Outside the window the sun had broken through after the wilder weather of the morning, and its heat caused steam to rise from the asphalt, eddying in tiny spirals as it was kicked up behind the wheels of passing cars.
He had wine with his meal, and another after, something he had been doing more regularly of late, something he told himself eased his stress and allowed him to think.
He asked the waiter for a third.
He had taken a seat in the corner of the bar, watchful lest he was seen drinking, and took his wine steadily, in small sips.
The warehouse precinct had been much in the news in the last few years, credited with helping revive the city's fortunes.
Sturden remembered reading of buildings being re-opened for use by tech companies and had seen the rise of bars and cafes in the area.
There were street art tours for people who liked such things, and an annual street party.
He thought about the city, how it now seemed a more interesting place to live, somewhere things seemed to be happening.

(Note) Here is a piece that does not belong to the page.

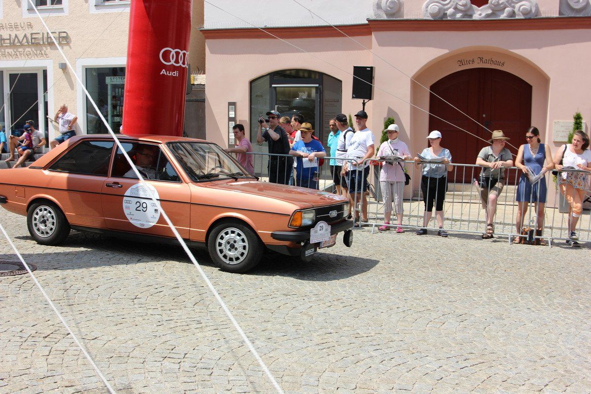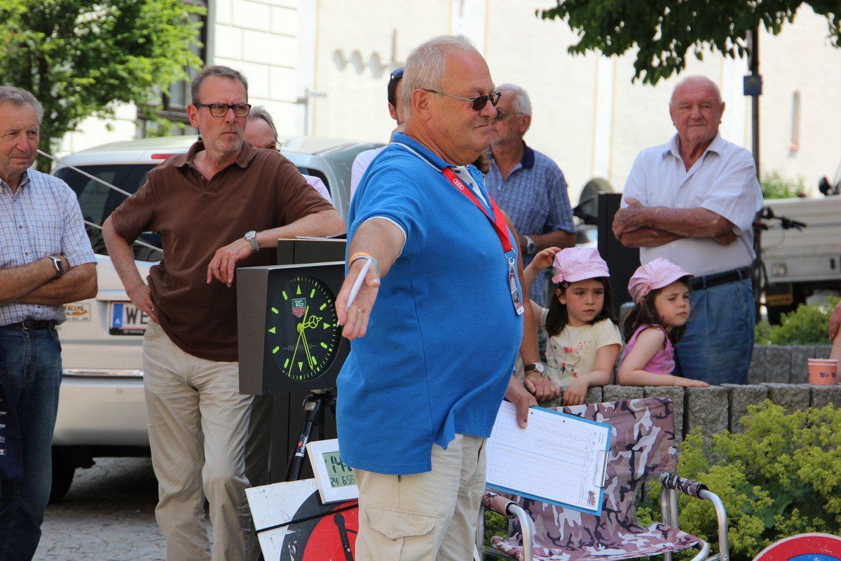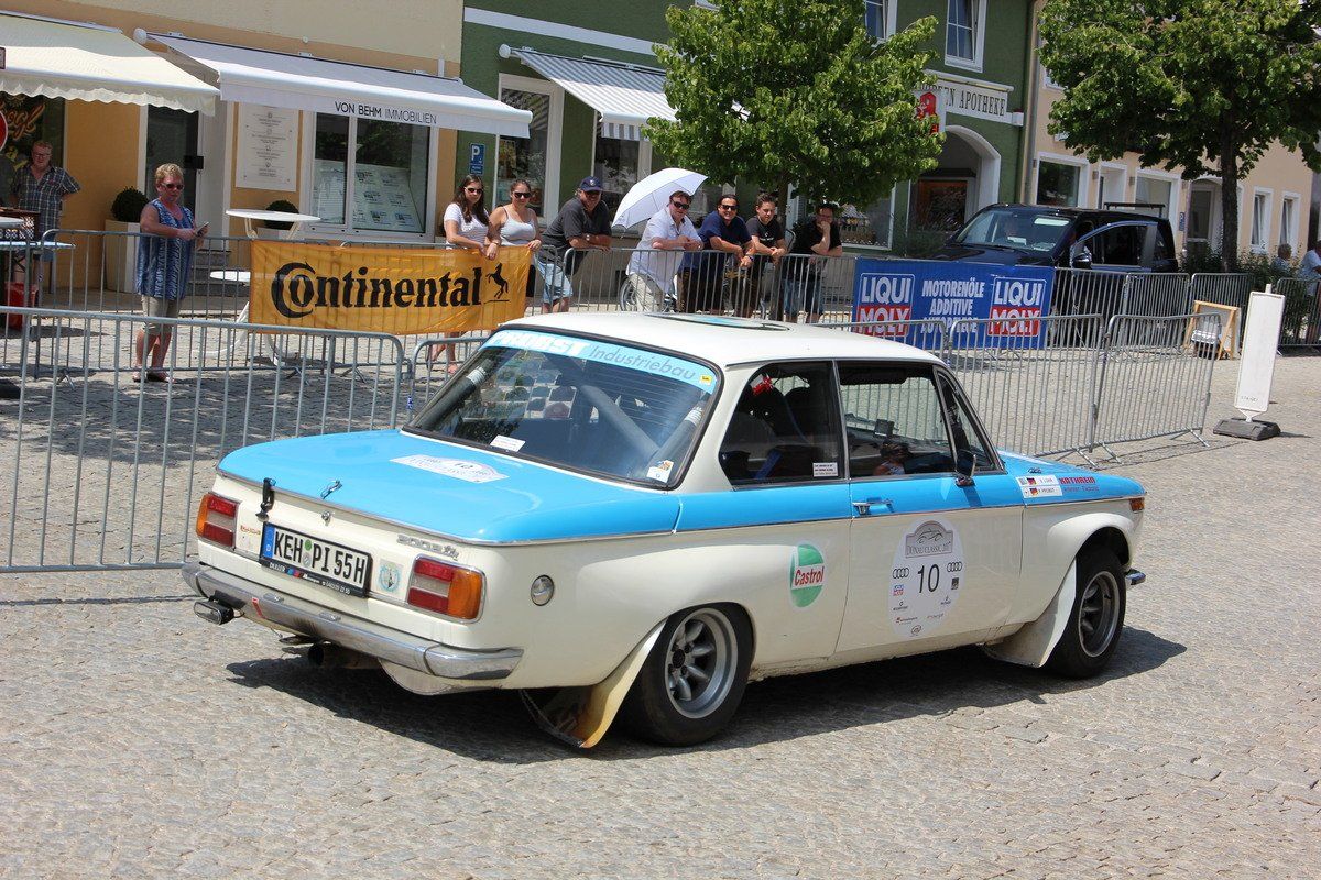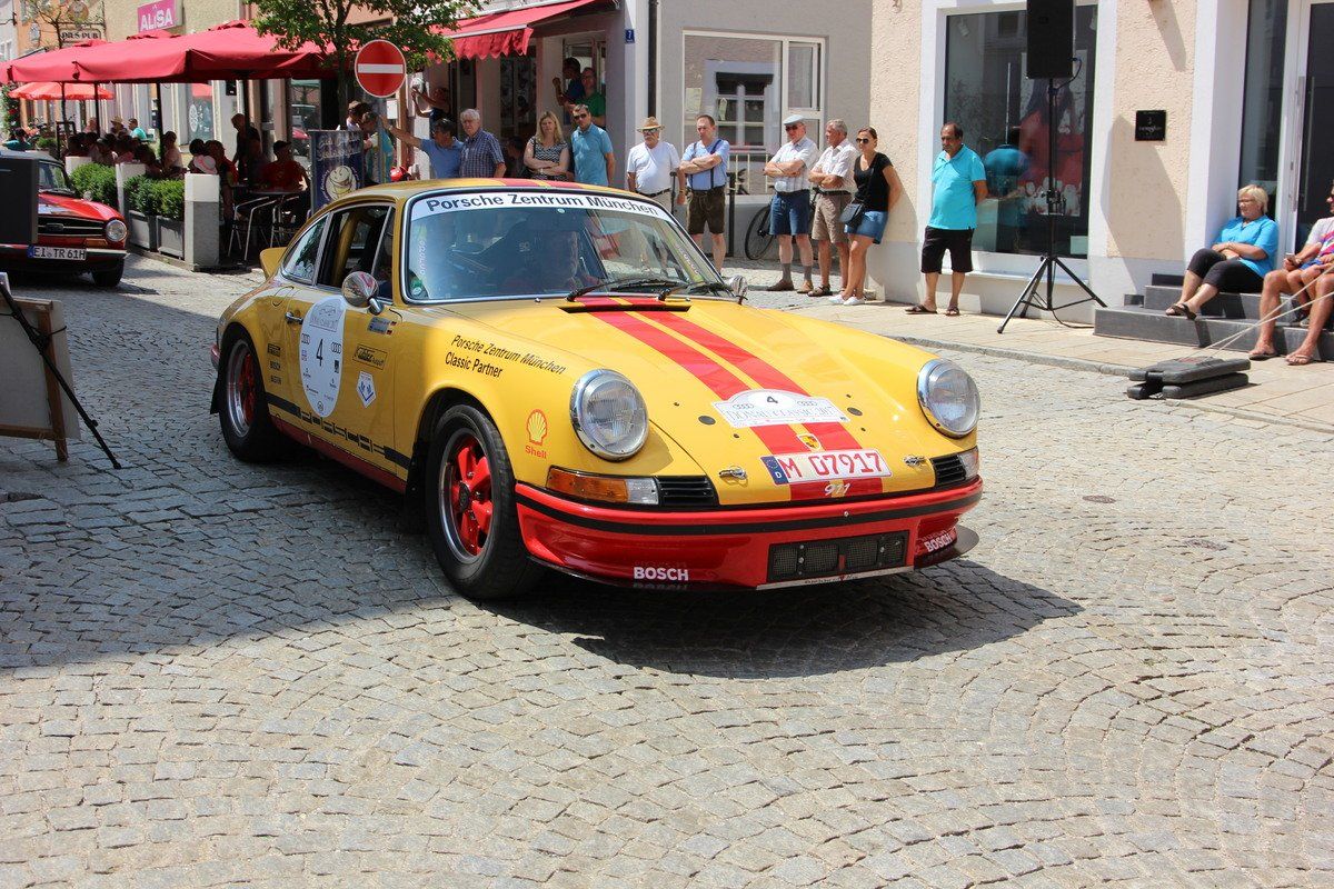 Relativ pünktlich um 14:17 Uhr trudelten die betagten Flitzer am Rathausplatz ein und schön brav düste einer nach dem anderen über die Startlinie. Genau austariert wurde die Geschwindigkeit beim Ausfahren der Kurve um den Marienbrunnen herum, denn um die Wertungsprüfung zu bestehen, durfte man weder zu schnell noch zu langsam sein. Nach Ende des Spektakels ging es schnurstracks weiter zur nächsten Wertungsprüfung am Luimex in Pfaffenhofen.

He sat back in his seat enjoying his own thoughts, feeling a sense of wellbeing from the wine, and wished more than anything he could stay for another.
From the periphery of his vision, he noticed someone approaching.
Winding his way through the tables, his chest thrust out, he was wearing pointed-toe brown shoes, jeans, a business shirt and a blue suit coat.
His hair was cut in a certain style, short at the sides and with a sort of wave on top, the sort adopted by younger men, and unbecoming for a man who appeared to be in his late forties.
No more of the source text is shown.